Mobile Computing 2018

1. Mobile devices, sensors and actuators

1.1 Sensors

A device that can observe the environment.
E.g.: microphone, camera, accelerometer, gyroscope, barometer, proximity sensor, ambient light sensor, hall sensor, touch sensor on the display, all antennas (Wi-Fi, NFC, GPS, Digital compass, ...).

1.2 Actuators

A device that can change the environment.
E.g.: speaker, IR laser, flash, display.

1.3 Sensors and actuators in mobile computing

Choice depends on the application. Understand what the sensor measure, how it does it and what it transmits as a resulting signal is important.
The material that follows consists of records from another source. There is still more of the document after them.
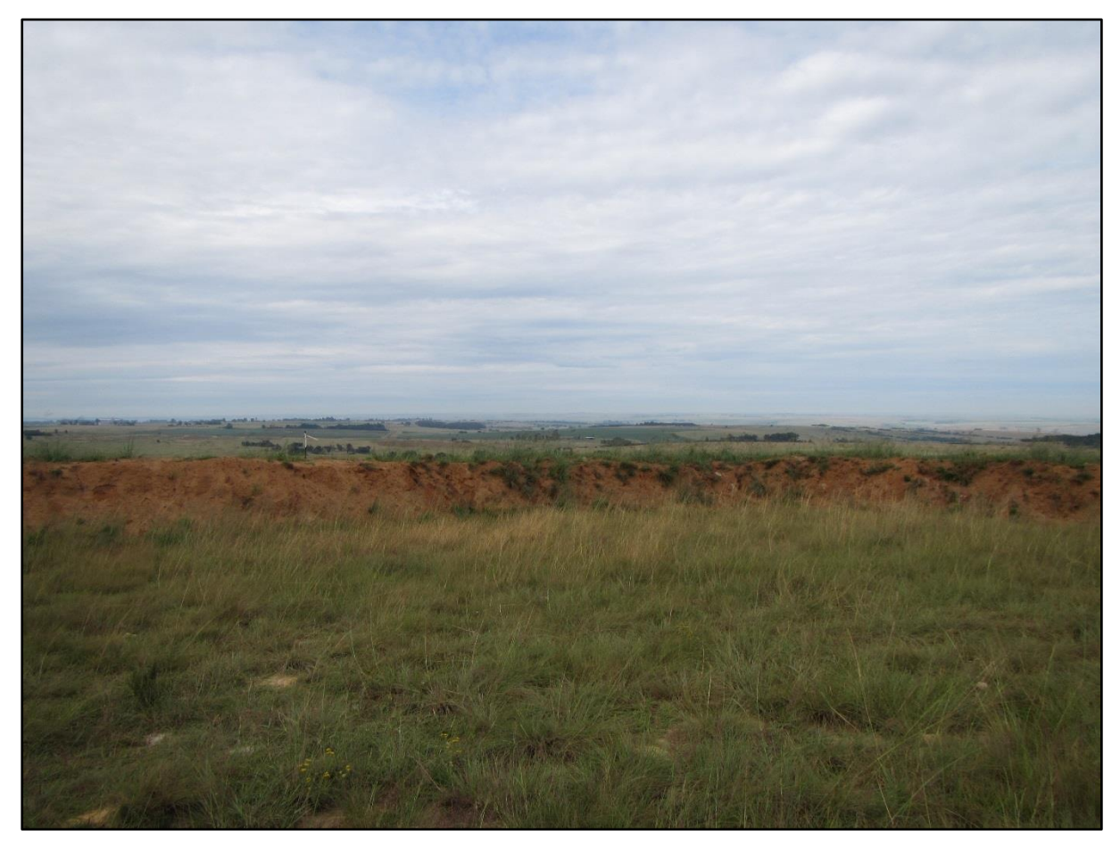
Figure 9: The low relief of the proposed development area on the farm Kwaggafontein 8 IT Pembani Colliery, in Mpumalanga, South Africa. The development area has no exposures visible on the surface.
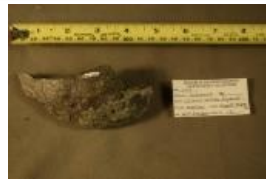
Apatosaurus sp. (6650)
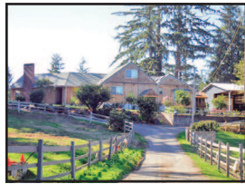
75 SW Juniper, Warrenton $1,099,000
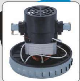
ELECTRIC MOTOR (1200 W)
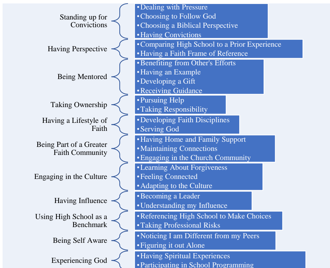
Figure 2. Themes and subthemes for the experience of CSF in the Christian high school.

The principal investigator read through the coded excerpts and placed the categories and subcategories into a hierarchical diagram to get “a handle on them” (Saldaña, 2013, p. 216; Figure 2). The principal investigator combed through the horizons and constructed new codes based on the “comparability and transferability” of the process codes and in vivo codes. The themes emerged from the smaller groupings into the overall themes. The themes overlap and are not mutually exclusive. Once the themes were identified, the primary investigator checked across all eight participant transcripts to see if the experience was shared across all participants’ transcripts (Table 3).
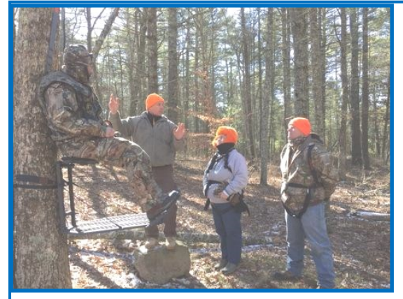
Participants get a hands-on experience in a field training provided by the DFW Hunter Education Office.

When I began teaching hunter education courses in 2004, the only option Rhode Island residents had for hunter education courses was to attend an in-person, classroom-style course and pass a written exam at the end. This was true for both hunter education and bow hunter education courses. Now, more than a decade later, we offer an online version of both curricula. Students can take either the hunter education course or the bow hunter education course online, complete a knowledge assessment online, and then take the in-person exam to obtain their course completion cards.
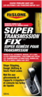
Super Transmission Fix 34516 - 500ml
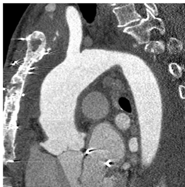
Figure 4 Thoracic computed tomography of the ascending aorta (sagittal plane) six weeks after surgery, showing dilatation of the ascending aorta, with no evidence of recurrence.

The patient remains under medical follow-up, with aortic re-evaluation scheduled in six months, followed by annual imaging assessment.
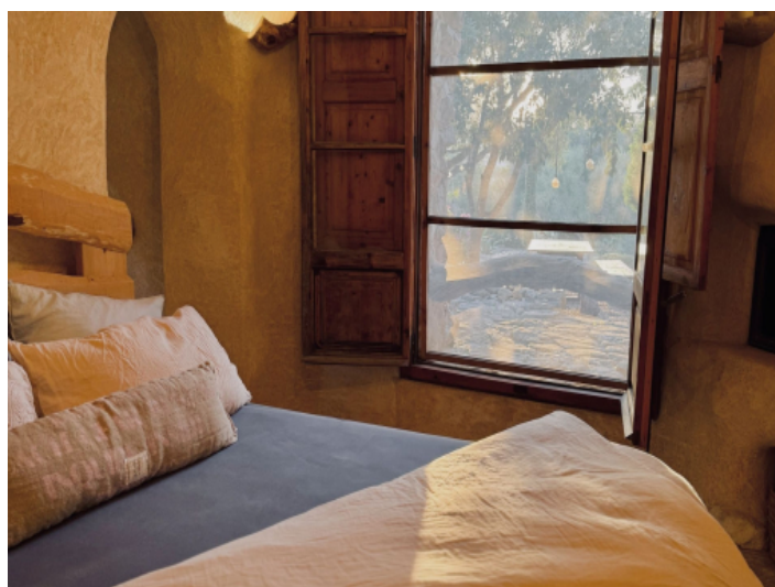
One of the four bedrooms in the house

What can be sensed? Location, lighting conditions, air quality, density of people around, noise, ...

Why use mobile phones as sensing devices?

  • A huge quantity of sensing points
  • No deployment costs
  • High availability
  • Personal data
  • Higher level information by combining and processing raw sensor data

When getting a new sensor:

  • understand what it measures, how it does it (accuracy and range, limitations), understand your options
  • use data sheets, notes, documentation, ...

2. Localization

Location specified in lat/long Different types: cell-tower based, GPS, Wi-Fi based.
Usually used in combination for higher accuracy.

Characteristics:

  • absolute vs. relative (distance to others)
  • points vs. intervals (areas)
  • physical vs. symbolic (e.g. Empire State Building, ...)
  • continuous vs. on demand

Range based vs. range free localization:

  • range based: uses estimations of distances and such. E.g.: GPS, cell-tower based.
  • range free: uses other information rather than distance (e.g. connectivity). E.g.: Wi-Fi based.

2.1 Cell-tower based

Knowing position of cell towers and distances of mobile device to cell towers. Best accuracy with three towers.
In reality distance from cell tower has error range that can be 10-100 meters, so we get an area of possible locations.

2.1.1 Ranging techniques

How to get distance between cell tower and mobile device?
Using radio-frequency signals.

  • Time of arrival (ToA): simple d = v * (t_rx - t_tx)
    Needs sync between tx and rx withing nanoseconds, difficult.
  • 2-way ToA: d = v * [(t4 - t1) - (t3 - t2)]/2 with t1-t2 being first transmission and t3-t4 being transmission back. In practice: unknown delays might occur. Large errors can happen.
  • Time difference of arrival (TDoA): d = [(v_a * v_b)/(v_a - v_b)] * (t4 - t2 - t_wait) with v_a and v_b being the speeds of two transmissions, both in the same direction, happening at t1-t2 and t3-t4, with t_wait = t3 - t1.
    Requires two different types of transceivers (with different speeds) on both transmitter and receiver. Drawbacks: complexity, cost.
  • Received Signal Strength Indicator (RSSI):
    Power of received signal: P_rx(d) ~= beta * P_tx * 1/(d^alpha) where alpha is the path loss exponent (depends on medium), beta is a factor captures different attenuation (e.g. multipath).
    RSSI = 10 * log_10 (P_rx / 1mW)
    Also, P_rx = 10^(RSSI/10) mW.
    The closer the transmitter, the higher the RSSI.
    Factor of 2 in received mW translates to 3dBm difference in RSSI.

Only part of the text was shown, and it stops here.